__EXERCISE GOAL__: Print, from the listing below, the lines starting at the line containing "PS繪制3D智能手機、應用程" and ending at the line containing "- 「かみのやまワイナリーツアー」詳細・申込先", exactly as they stand, and print nothing else.

__EXTRACTED ENTRIES__:
──────────

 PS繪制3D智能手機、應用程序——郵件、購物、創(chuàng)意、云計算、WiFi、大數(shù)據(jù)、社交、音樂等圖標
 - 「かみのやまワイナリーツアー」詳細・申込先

──────────

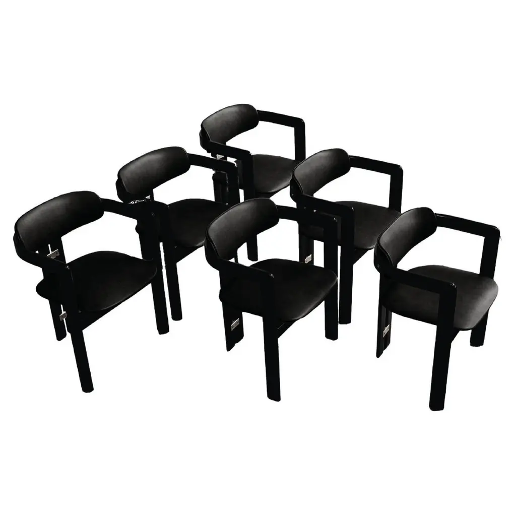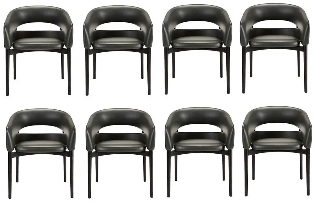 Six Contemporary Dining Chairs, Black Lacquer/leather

──────────

__SOLUTION BELOW__:
 PS繪制3D智能手機、應用程序——郵件、購物、創(chuàng)意、云計算、WiFi、大數(shù)據(jù)、社交、音樂等圖標
 - 「かみのやまワイナリーツアー」詳細・申込先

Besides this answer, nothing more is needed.